The lock is locked, but control has not returned to your code, and
execution is still outside your try-finally block. Even worse, the stop
may hit in the middle of ReentrantLock.Sync.nonfairTryAcquire(), leaving
the lock in an inconsistent state.

I believe this sort of issue lead to the recognition that stop() could
not be used safely, and the decision get rid of the problem by
deprecating it.

In other words, "DO NOT EVER USE 'Thread#stop()'!"
 
K

Kevin McMurtrie

Jan Burse said:
Proper use of java.util.concurrent in the same sense
as synchronized works.

They also say in the documentation that ThreadDeath will
unravel synchronized statements. So under the hood they
must have some boundaries and some finally blocks.

So when I use the native monitors, I will have what
stop() boundaries here?

A;
synchronized (obj) {
B;
}
C;


Assume I am now using something like:

A;
ReentrantLock lock=new ReentrantLock();
lock.lock();
try {
B;
} finally {
lock.unlock()
}
C;

Will it *always* unravel my lock when using stop()?

No. lock.unlock() can be called normally then aborted by a call to
stop().

More importantly, protecting B with a lock implies that it is modifying
shared data in a non-atomic manner. That implies that aborting it in an
undeclared location would leave damaged shared data behind.
 
M

Mike Schilling

Jan Burse said:
Proper use of java.util.concurrent in the same sense
as synchronized works.

If the question is "How do I protect use of concurrent classes against
clients calling stop()?", I'm fairly sure the answer is "You can't".
 
D

Daniel Pitts

Proper use of java.util.concurrent in the same sense
as synchronized works.

They also say in the documentation that ThreadDeath will
unravel synchronized statements. So under the hood they
must have some boundaries and some finally blocks.

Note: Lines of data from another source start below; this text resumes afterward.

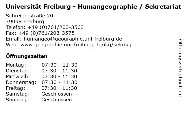 Branchen & Suchbegriffe zu Universität Freiburg - Humangeographie / Sekretariat:bildung, hochschule, humangeographie, lehre, sekretariat, studium, uni, universität |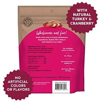 Show moreIntroducing the premium BUDDY BISCUITS Mini Jerky, a delightful dog treat thoughtfully crafted for your furry friend. Made in the USA, these delectable 4oz treats shine with simplicity and quality—featuring only 8 natural ingredients. The first ingredient, real turkey, paired with wholesome cranberries, ensures that your dog is snacking on food that supports their health and vitality. Unlike many dog treats on the market, we steer clear of artificial colors, flavors, and fillers, providing a safe, nutritious option that you can trust for your pet.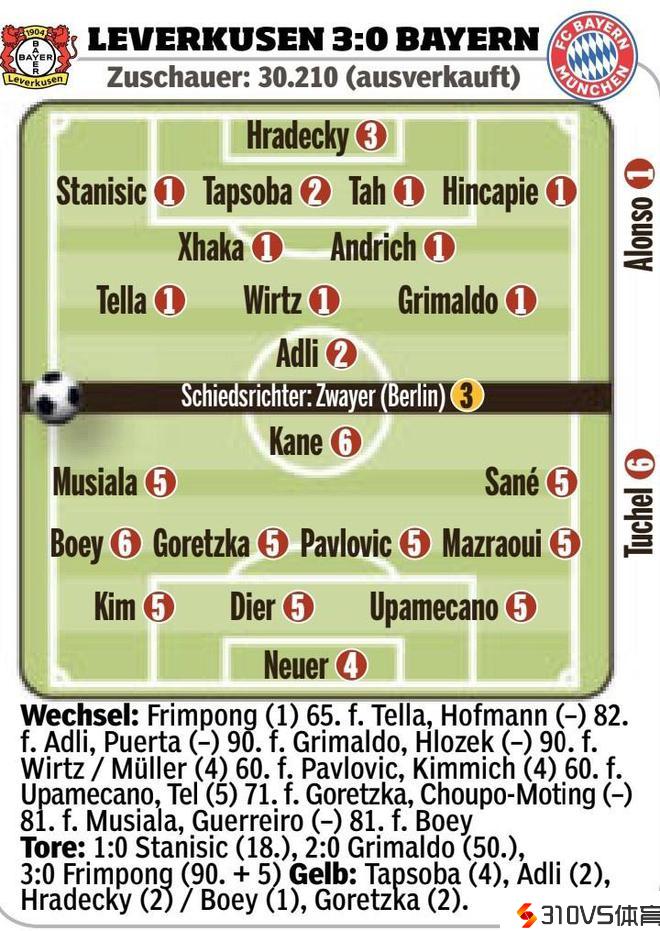 勒沃库森首发:赫拉德茨基(3分)、斯坦尼西奇(1分)、塔普索巴(2分)、塔(1分)、因皮卡耶(1分)、扎卡(1分)、安德里希(1分)、泰拉(1分)、维尔茨(1分)、格里马尔多(1分)、阿德利(2分)

So when I use the native monitors, I will have what
stop() boundaries here?

A;
synchronized (obj) {
B;
}
C;


Assume I am now using something like:

A;
ReentrantLock lock=new ReentrantLock();
lock.lock();
try {
B;
} finally {
lock.unlock()
}
C;

Will it *always* unravel my lock when using stop()?
Under the assumption that B does not throw any exception
except when it gets a ThreadDeath injected.
It is possible that stop() causes the exception to be thrown just before
"lock.unlock" is executed, but after B has executed. So, your "finally"
may be bypassed. Oops.

Even worse, it could be that your lock is *half* unlocked, because it
isn't expecting to be interrupted in the middle of its operation, but
Thread.stop() does just that.

So, just don't do it. There are good reasons its been deprecated.